Task item :: Below, find the line containing "- This tomato-basil" and the line containing "I’ve restocked the"; reproduce exactly those two and every line between them, omitting pictures.

^^^^^^^^

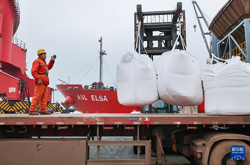 3月4日,工人在江蘇連云港港東方港務(wù)分公司碼頭接運(yùn)進(jìn)口的化肥。(新華社發(fā) 王健民 攝)
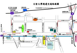 往北(右)步行約五分鐘,則可看見中華路與遠東路口有元智大學指示牌,右轉過平交道,再沿右邊步行約十分鐘即可抵達。
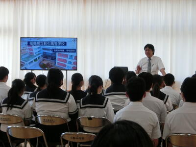 高校の先生から直接話を聞くことを通して、各高校の特徴と各学校の募集内容について把握するとともに、主体的に進路実現を行うための意欲を高めることを目的として実施しました。
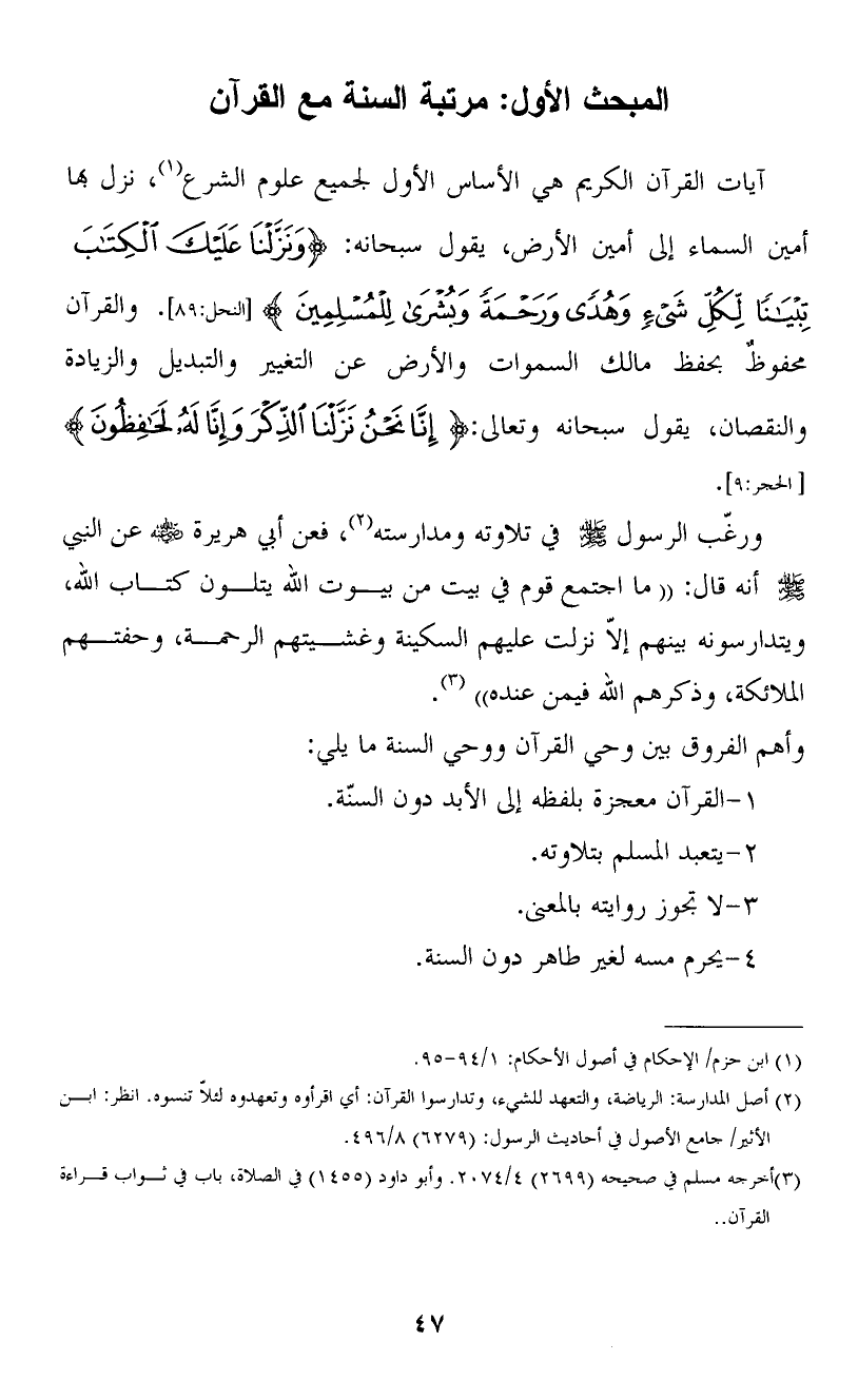 المبحث الأول: مرتبة السنة مع القرآن
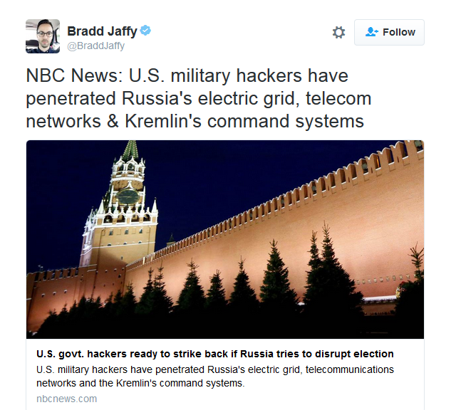 I'd be surprised if Hillary doesn't order that done as her first official act as a shot across Russia's bow for fucking with our election.
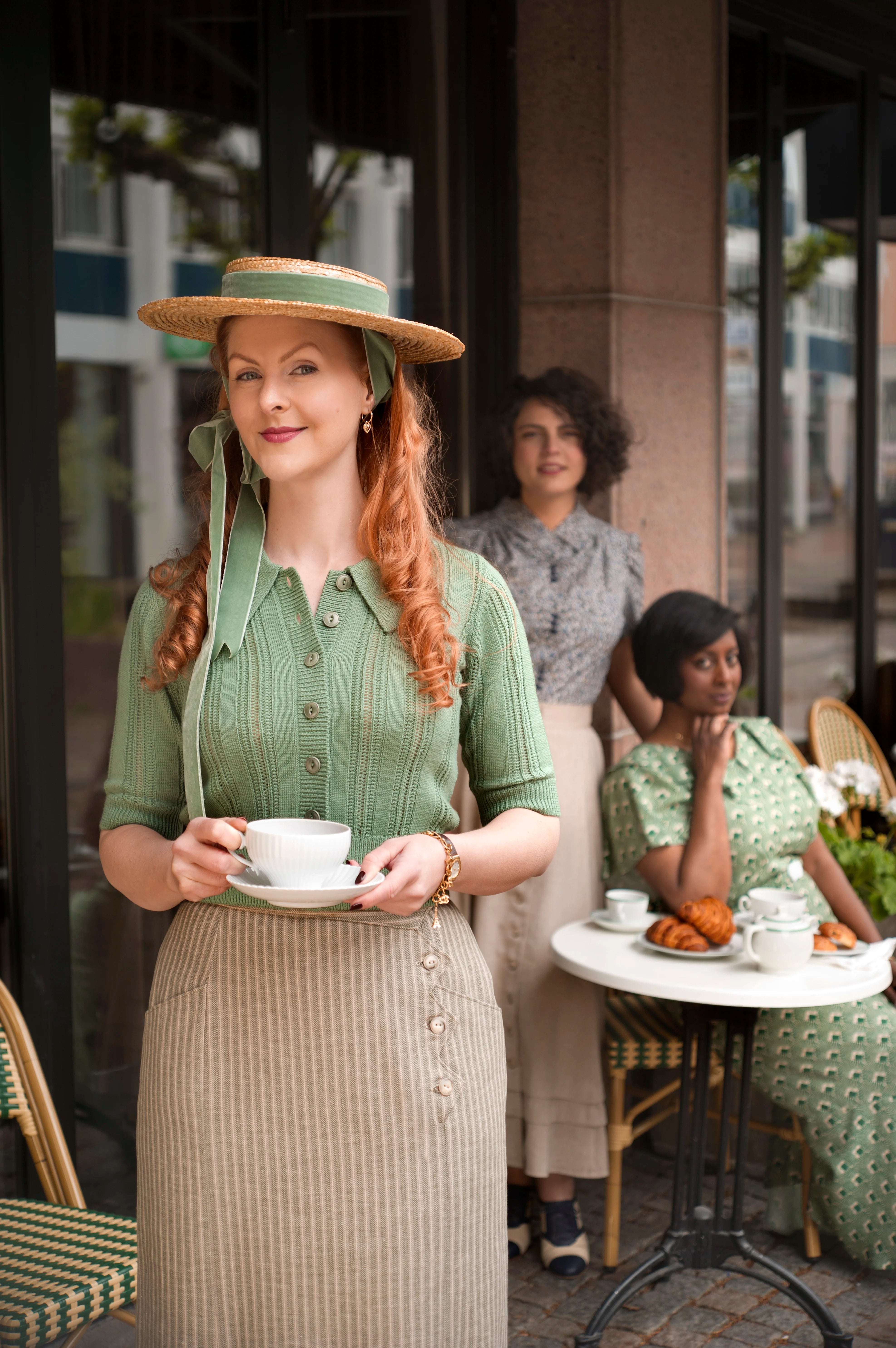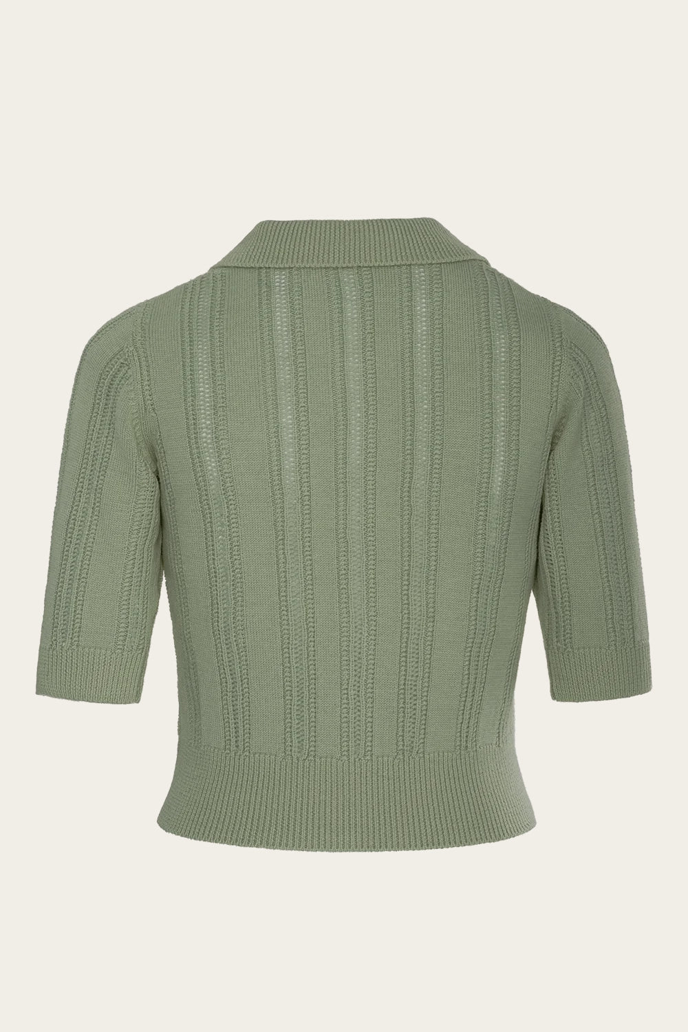 Diese überarbeitete Version aus SS25 behält den spitzen Kragen, die taillenkurze Länge und die Dreiviertelärmel bei und ersetzt die großen Kontrastknöpfe durch kleinere Ton in Ton Knöpfe in Garnfarbe. Der Stil erinnert an die 1930er Jahre und passt sowohl zum Deco Dream Skirt als auch zur Lieblingsjeans. Aus leichter Wolle mit luftigem Spitzenstrickmuster gefertigt, ist sie ideal für wärmere Tage und kann geschlossen wie eine Bluse oder offen über Top oder Kleid getragen werden.
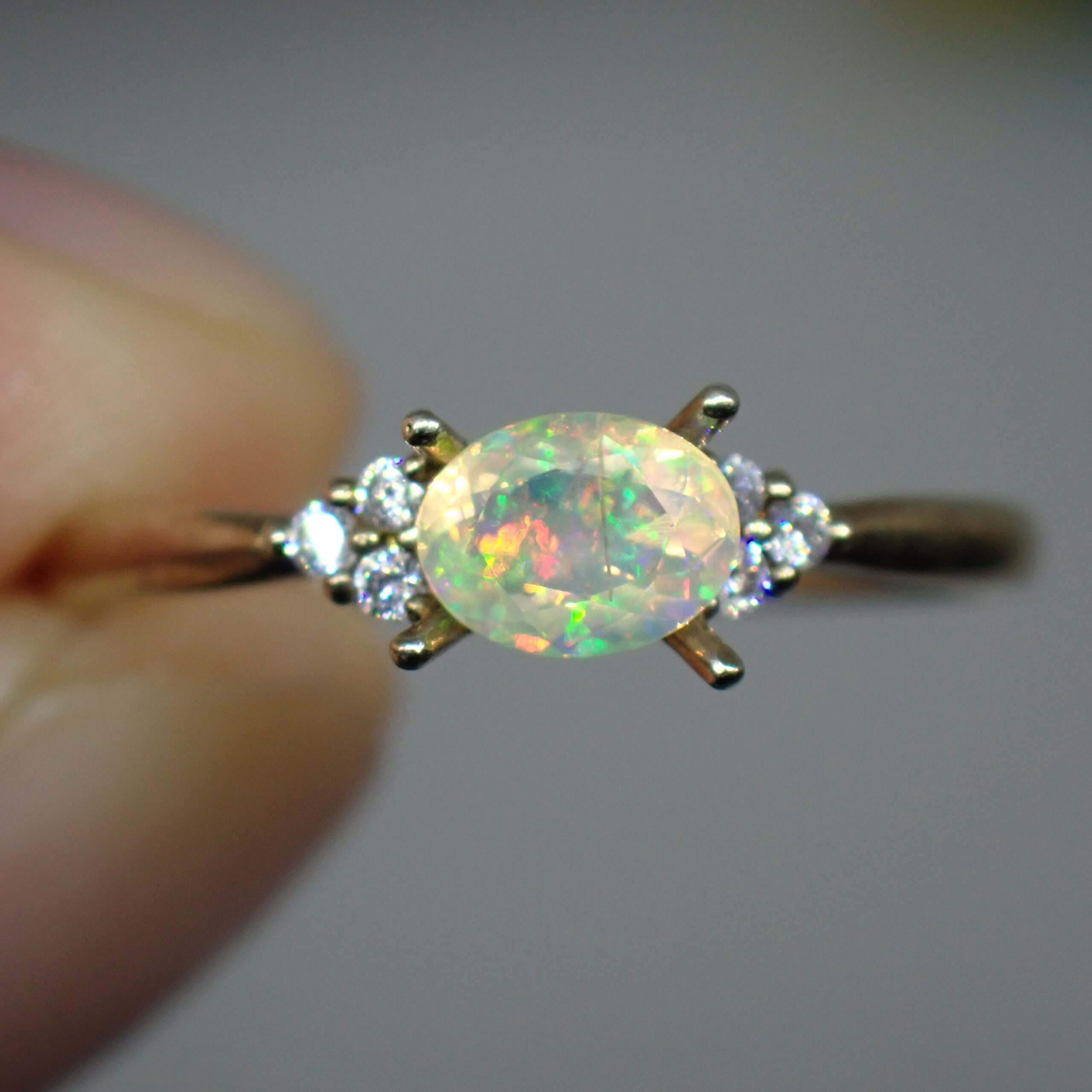 メキシコ産オパールの魅力がぎゅっと詰まった、ぷるんと可愛らしいオーバルカット。
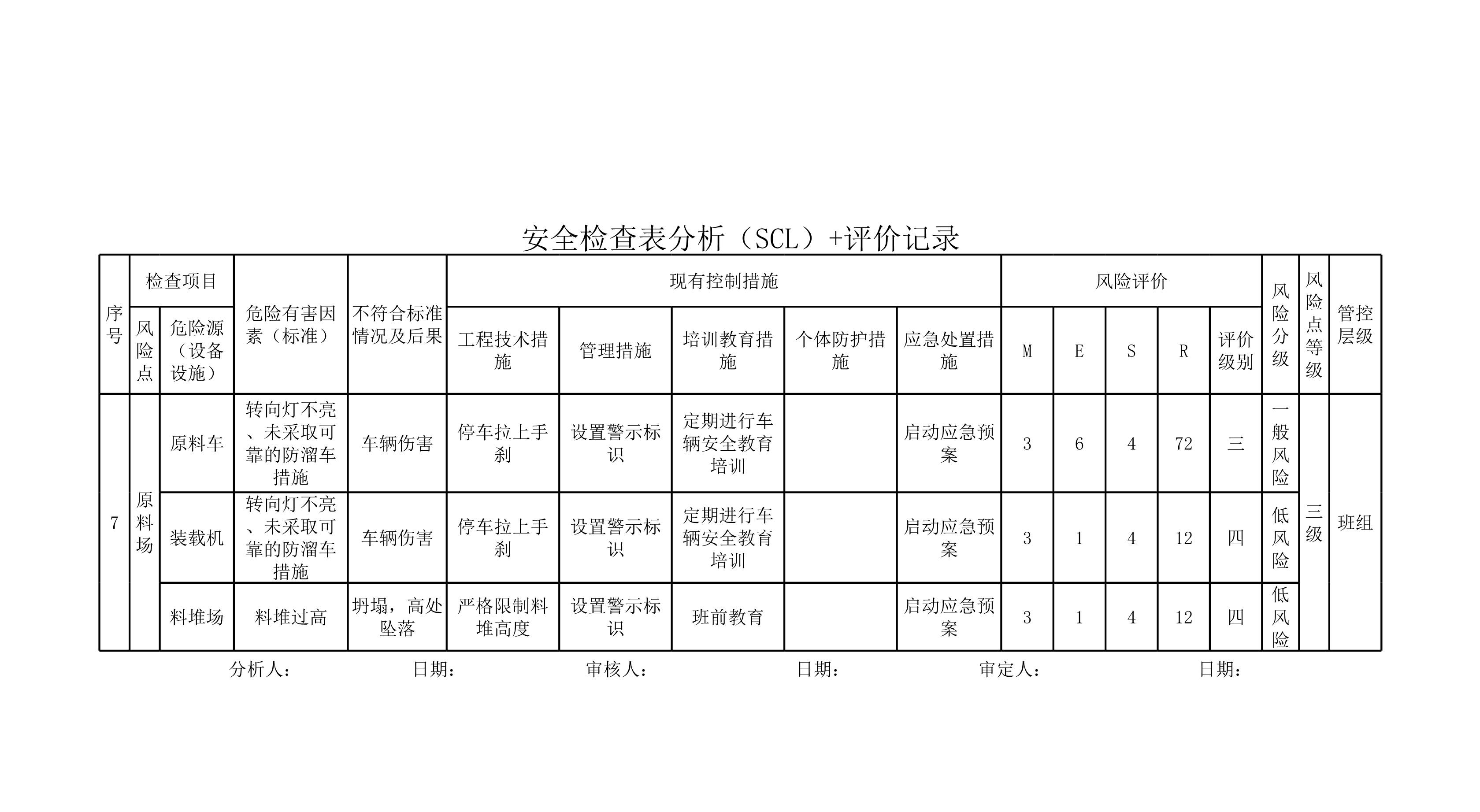 / 各个料棚安全检查表分析SCL评价记录[表格版]
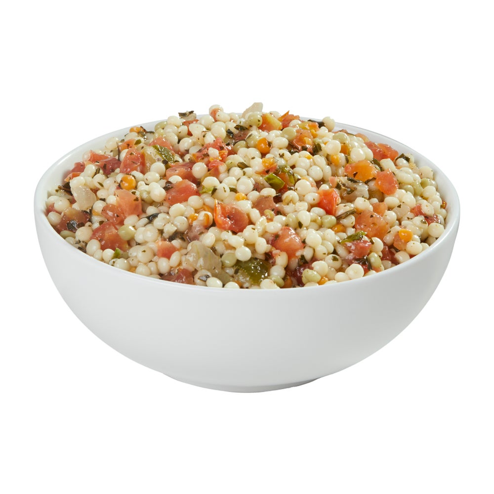 - This tomato-basil couscous salad is fully prepared to save labor and minimize waste and is vegetarian.
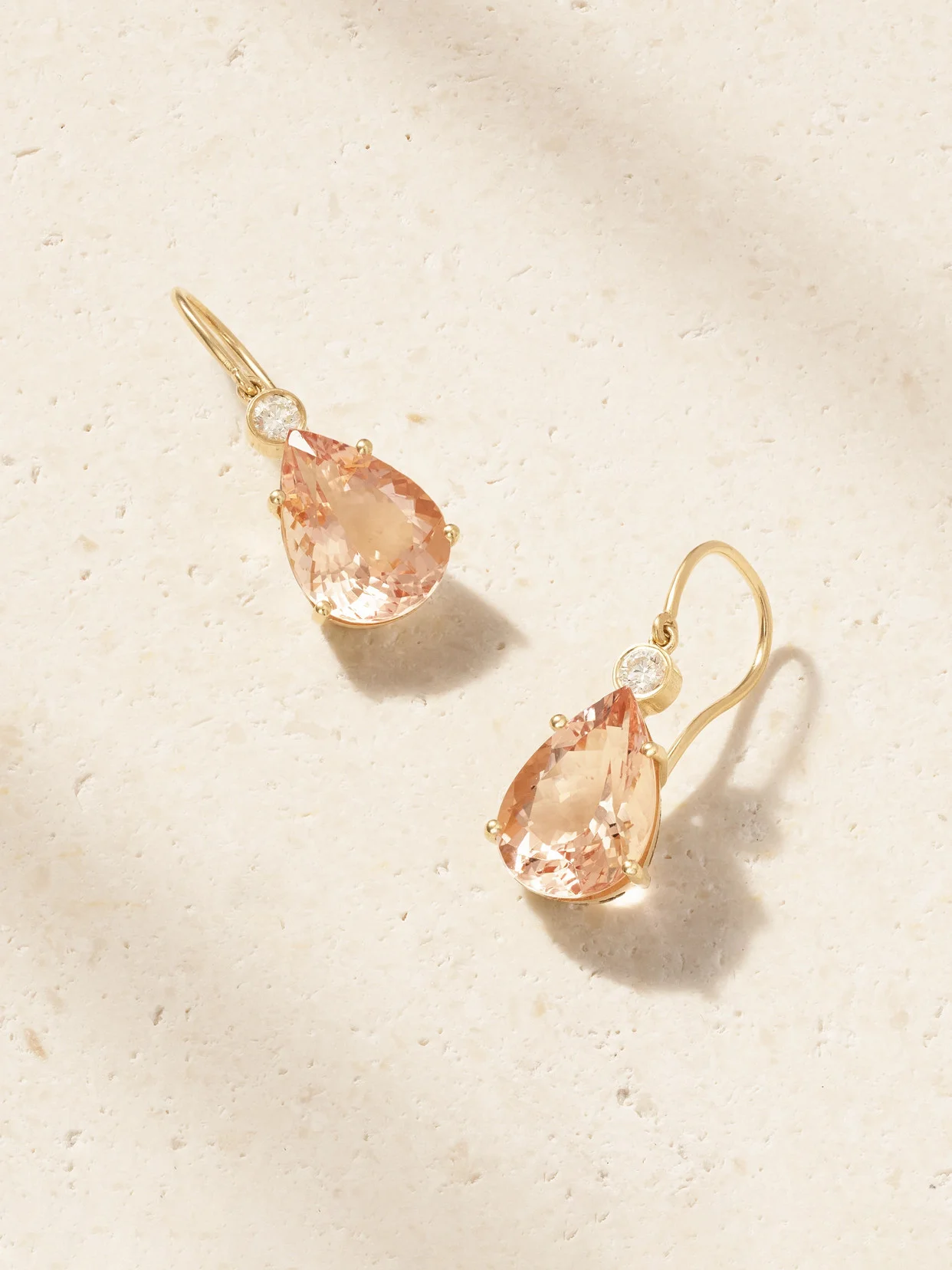 Ileana Makri creates fine jewelry that feels both mystical and modern. These earrings are handmade from 14-karat gold and set with teardrop-shaped morganites and sparkling diamonds. Wear them to elevate your everyday outfits.
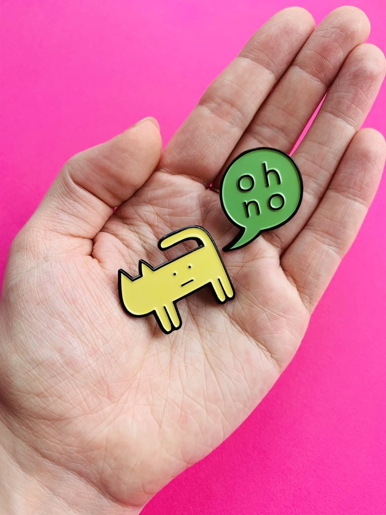 I’ve restocked the “oh no” pins and the “cat” pins also! only a limited number available http://www.theohnoshop.com pic.twitter.com/W4TY6CqOMG
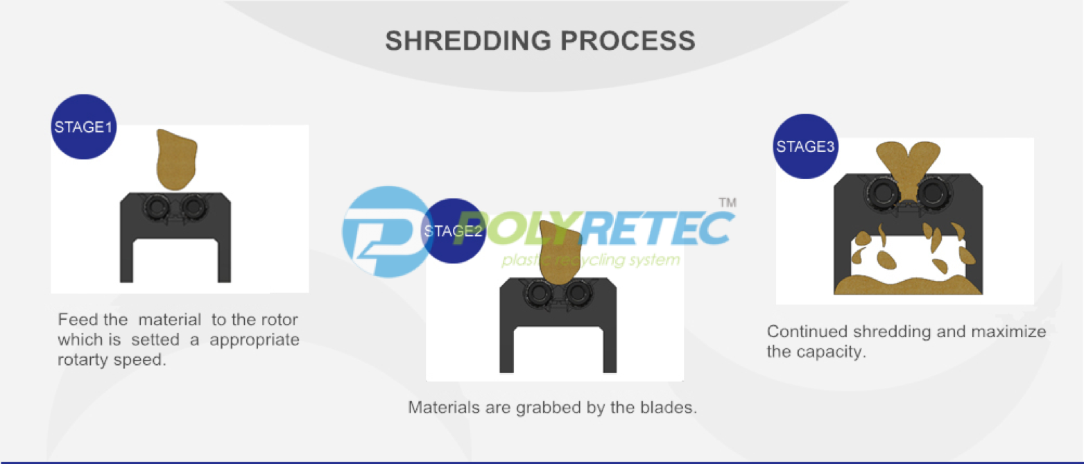 SWTF series film shredders adopt double film shafts design that rotate a medium speed, low noise and high efficient without pusher. Adopt SIENMENS LOGO microcomputer control system with function of start, stop, automatic reverse sensors to protect the machine against over loading and jamming. It is especially suitable for recycling the medium hardness and soft material, for example film, woven bag, jumbo bag, paper and ect. Aiming at different material, it could use different shaft.
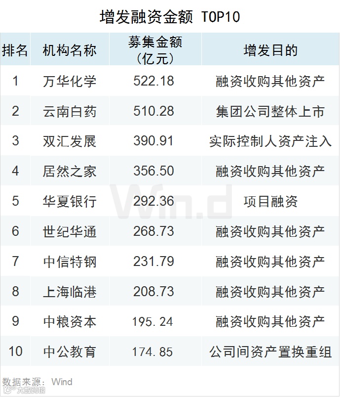 融资金额最大的增发项目是万华化学,融资金额高达522.18亿元。前十大增发项目共融资人民币1,992.71亿元,占增发总金额的46.87%。
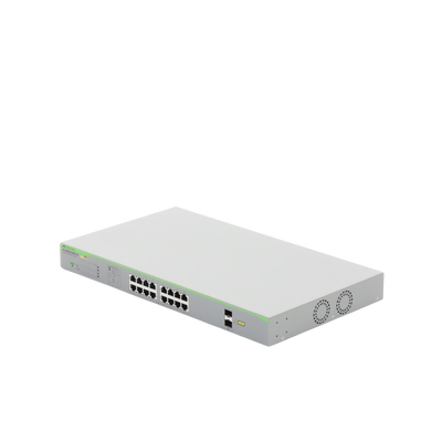 El conmutador WebSmart Allied Telesis GS950/18PS V2 Gigabit PoE+ cuenta con 16 puertos 10/100/1000T y dos puertos SFP, que ofrecen hasta 30 watts por puerto (PoE+) para admitir cámaras de videovigilancia, puntos de acceso inalámbricos, teléfonos IP y otros dispositivos alimentados por PoE. PoE+ elimina la necesidad de cableado de energía separado y minimiza el desorden de fuentes de alimentación y adaptadores para una implementación simplificada.
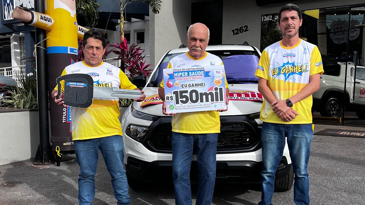 Sebastião, morador de Descalvado, está radiante, porque foi um dos contemplados do quarto sorteio do Hiper Saúde, no dia 3 de agosto, valendo uma Fiat Toro mais150 mil reais. O aposentado afirma que sempre teve fé de que seu momento chegaria. Ele compartilhou o prêmio com mais dois ganhadores. Cada um dos sortudos levou 100 mil reais para casa.
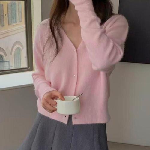 [JHQRLUPQ_53DC]간절기 니트 가을 앙고라 가디건 여성 봄

^^^^^^^^

Solution to this problem ::
 - This tomato-basil couscous salad is fully prepared to save labor and minimize waste and is vegetarian.
 Ileana Makri creates fine jewelry that feels both mystical and modern. These earrings are handmade from 14-karat gold and set with teardrop-shaped morganites and sparkling diamonds. Wear them to elevate your everyday outfits.
 I’ve restocked the “oh no” pins and the “cat” pins also! only a limited number available http://www.theohnoshop.com pic.twitter.com/W4TY6CqOMG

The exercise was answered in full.